Conceptualizing the Vortex
The first task when writing these pieces is to conceptualize the event into an idea. Then from that idea or isolated spark, we can then begin to implant it within the landscape of the Torah. Pertaining to the Polar Vortex, the concept we have chosen is a Kabbalistic principle called “they reversed places” (אחליפו דוכתייהו).
First let’s quote from Greg Laden’s article called: “Go home, Arctic, You’re Drunk.”
“…the cold air mass that usually sits up on the Arctic during the northern Winter has moved, drooped, shifted, gone off center, to engulf part of the temperate region. If I go even farther north, at some point it will start to get warm again… In fact, it is relatively warm up on the North Pole right now. Alaska and Europe are relatively warm as well.

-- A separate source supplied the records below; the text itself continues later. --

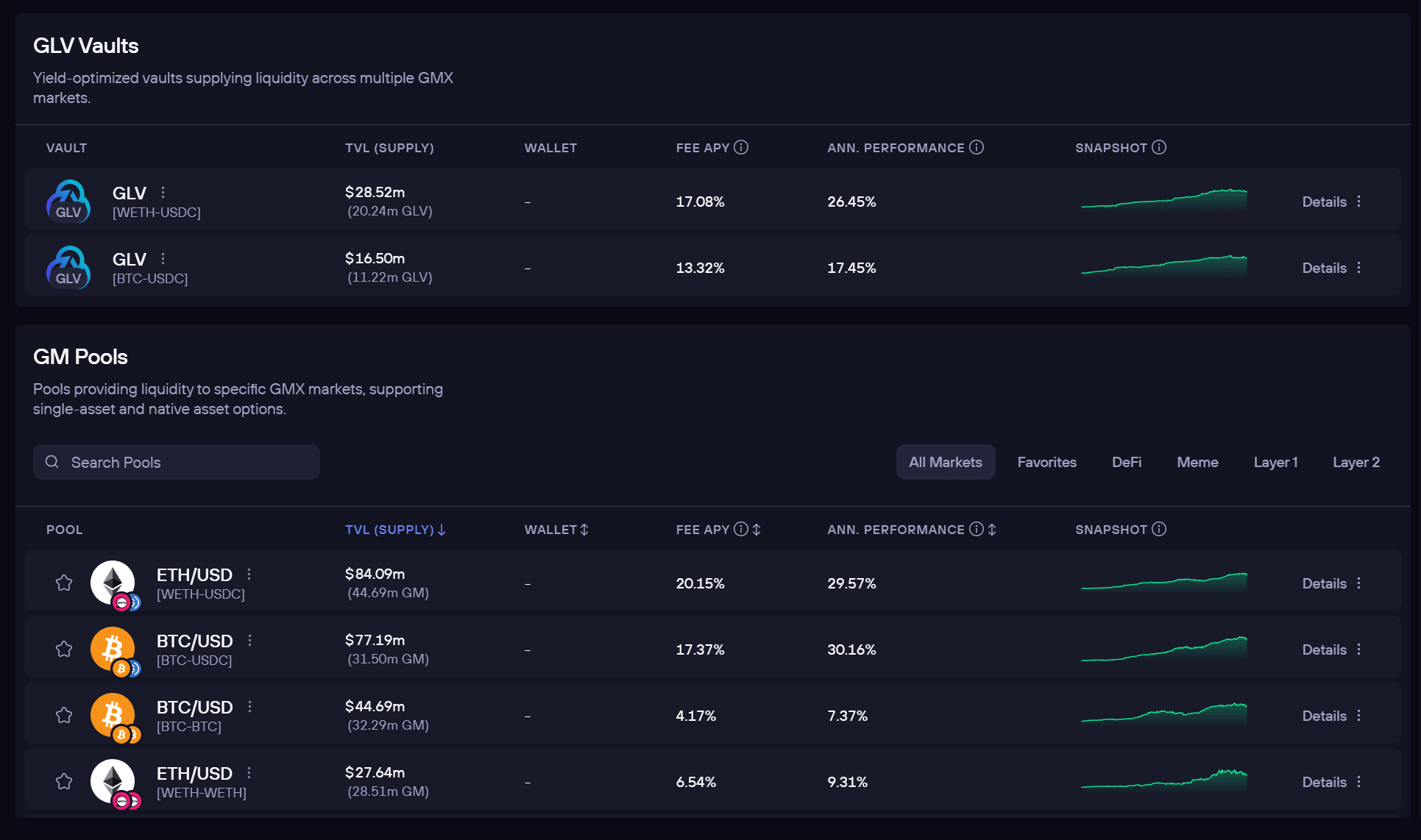 Suas recompensas LP se acumulam automaticamente de forma contínua, aumentando o preço dos seus tokens GM ou GLV.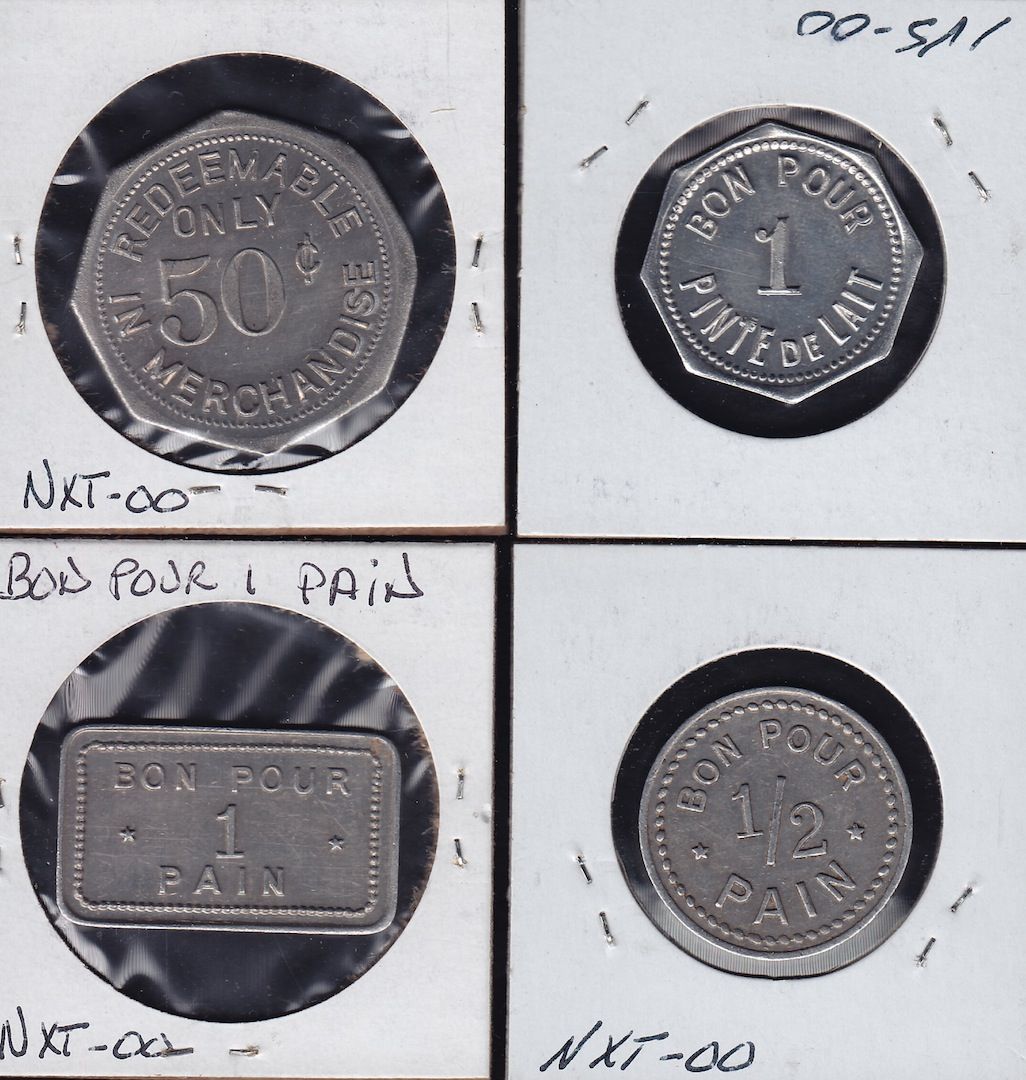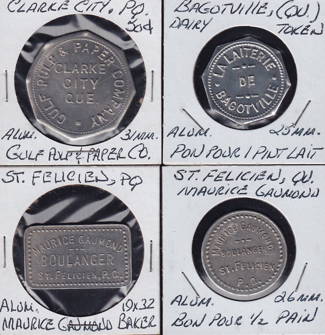 Lot of 4 Quebec Trade Tokens. La Laiterie de Bagotville, Bagotville, PQ, 1 pinte, aluminum, UNC, Gulf Pulp and Paper Co., Clarke City, PQ, 50 cents, aluminum, AU, Maurice Gaumond, St. Felicien, PQ, 1/2 pain, aluminum, AU, Maurice Gaumond, St. Felicien, PQ, 1 pain, aluminum, EF. 4 Pcs.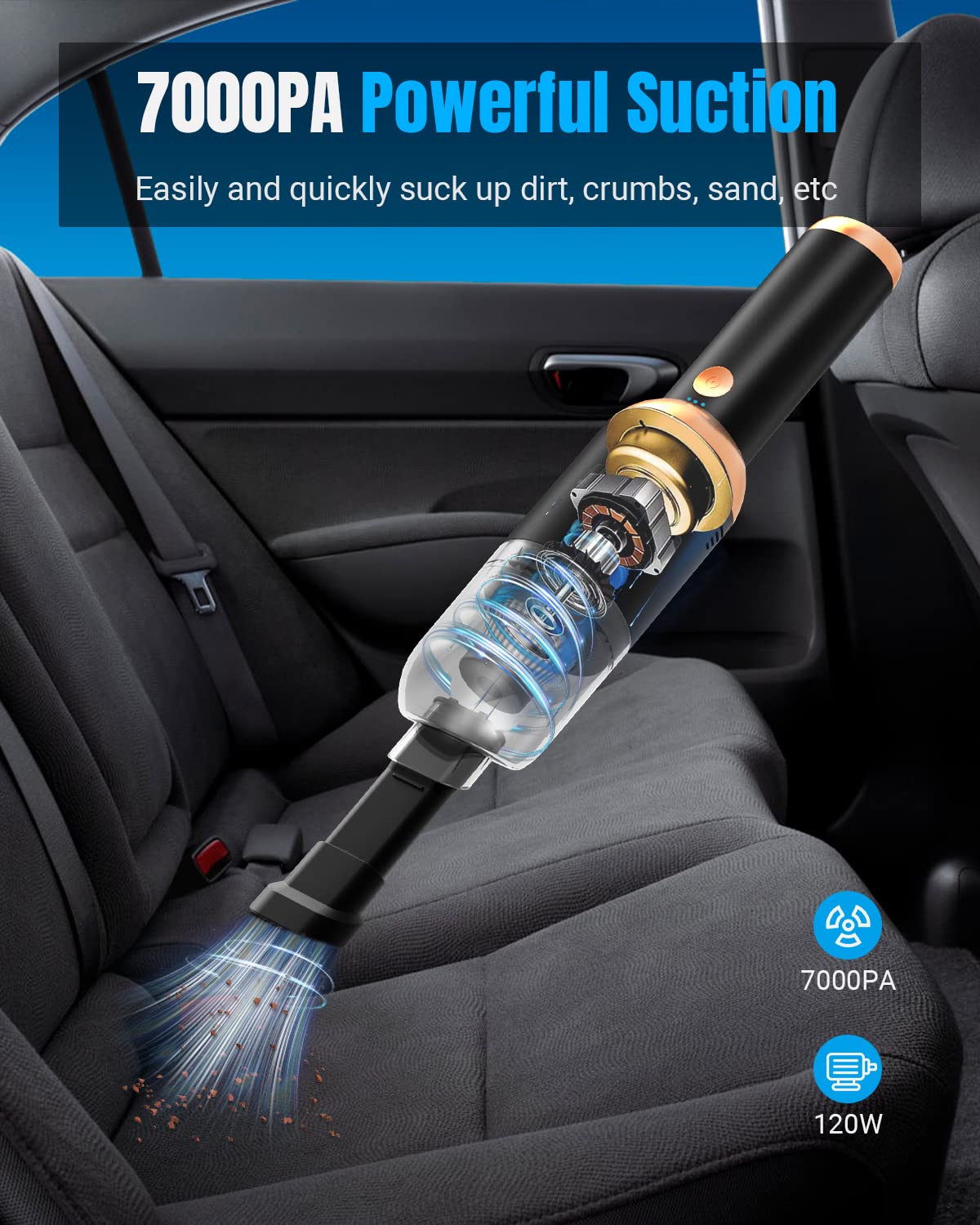 Small Car Vacuum Cordless Rechargeable, 7000Pa120W Mini Car Vacuum Cleaner, Detachable Handheld Vacuum Cordless With Led Flashlightpowerbank, Portable Vacuum Cleaner For Carhomeoutdoor
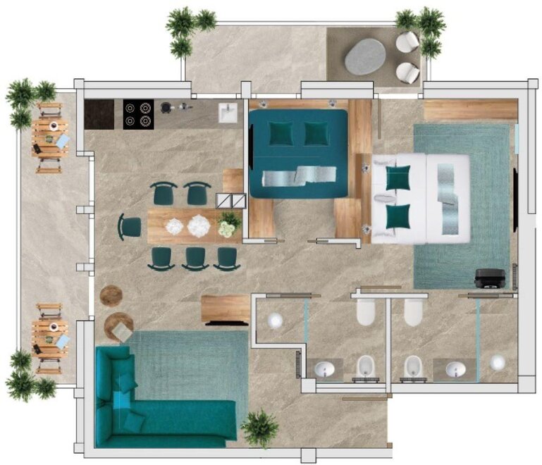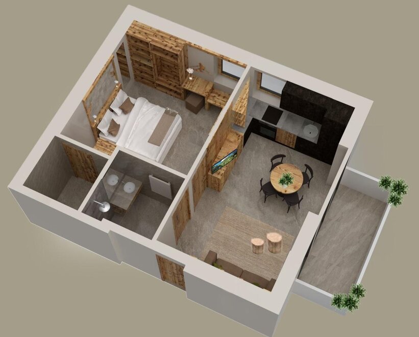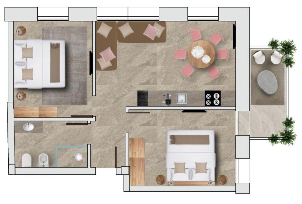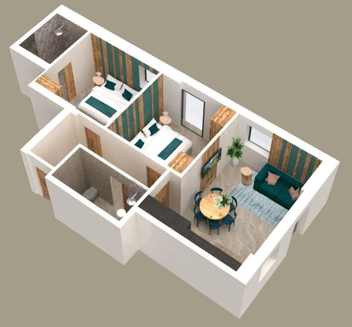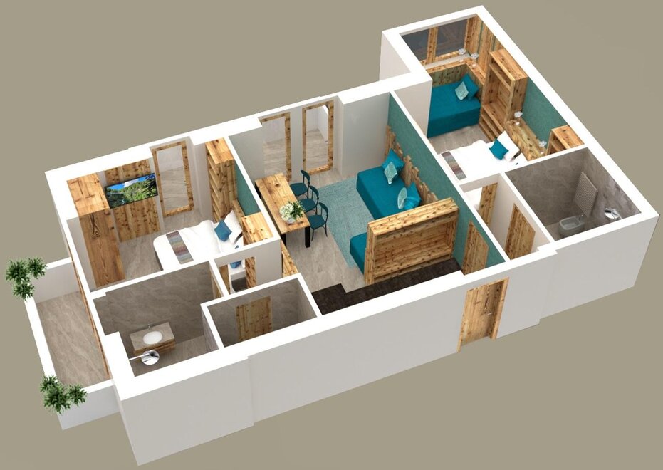 Confortevole trilocale di 54 m² per 4-6 persone dotato di 1 camera matrimoniale, 1 camera matrimoniale con bagno, 1 bagno, cucina e soggiorno con divano letto per 2 persone, terrazzo non delimitato.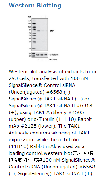 CST recommends transfection with 100 nM TAK1 siRNA I 48 to 72 hours prior to cell lysis. For transfection procedure, follow protocol provided by the transfection reagent manufacturer. Please feel free to contact CST with any questions on use.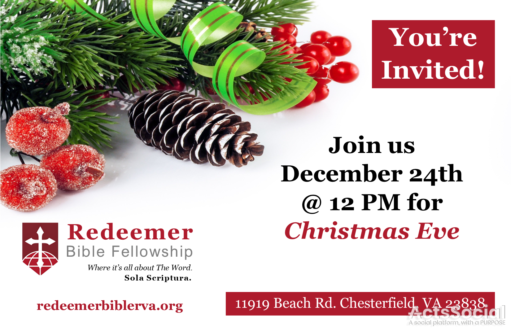 If you are in the Chesterfield, VA area, join us at Redeemer Bible Fellowship @ 12 PM on Sundays and @ 6:30 PM on Wednesdays. Sola Scriptura. redeemerbiblerva.org

The Polar Vortex, a huge system of swirling air that normally contains the polar cold air has shifted so it is not sitting right on the pole as it usually does. We are not seeing an expansion of cold, an ice age, or an anti-global warming phenomenon. We are seeing the usual cold polar air taking an excursion.”
Switching Places
Throughout history, most of the people on earth have lived in the northern hemisphere, while even today only a small fraction of people live south of the equator. Now, the Zohar poses the following question: According to this correspondence, we would expect that the further north we go—relative to most of the world’s population—the hotter it should get, but in reality, we all know that this is not the case. The further north you go the colder it gets.
The answer that the Zohar gives1 is that here we see the most important manifestation of the Kabbalistic principle called “they reversed places” (אחליפו דוכתייהו) in a geographical context. This principle exhibits the essence of what a rectified state of reality is like. It is also very similar to the notion of inter-inclusion. It means that two powers or forces have switched places. Each has left its natural vessel (in this case, its natural location on the globe) and entered into the vessel of the other. The locations where I expect to find cold and hot are reversed. The Zohar says that this is a very important phenomenon of the inhabited part of the Earth.
As mentioned above, the Zohar also knows that there is land south of the equator, but it says that this is the reason that most of mankind, from its very beginnings to date, lives in the Northern hemisphere, because only the northern hemisphere manifests this state of inter-inclusion. The land of the northern hemisphere is better suited for habitation because it is more amenable to reaching a state of the mature rectification or the inter-inclusion between two opposite states of being: that which we think should be hot is cold, and that which is cold is hot.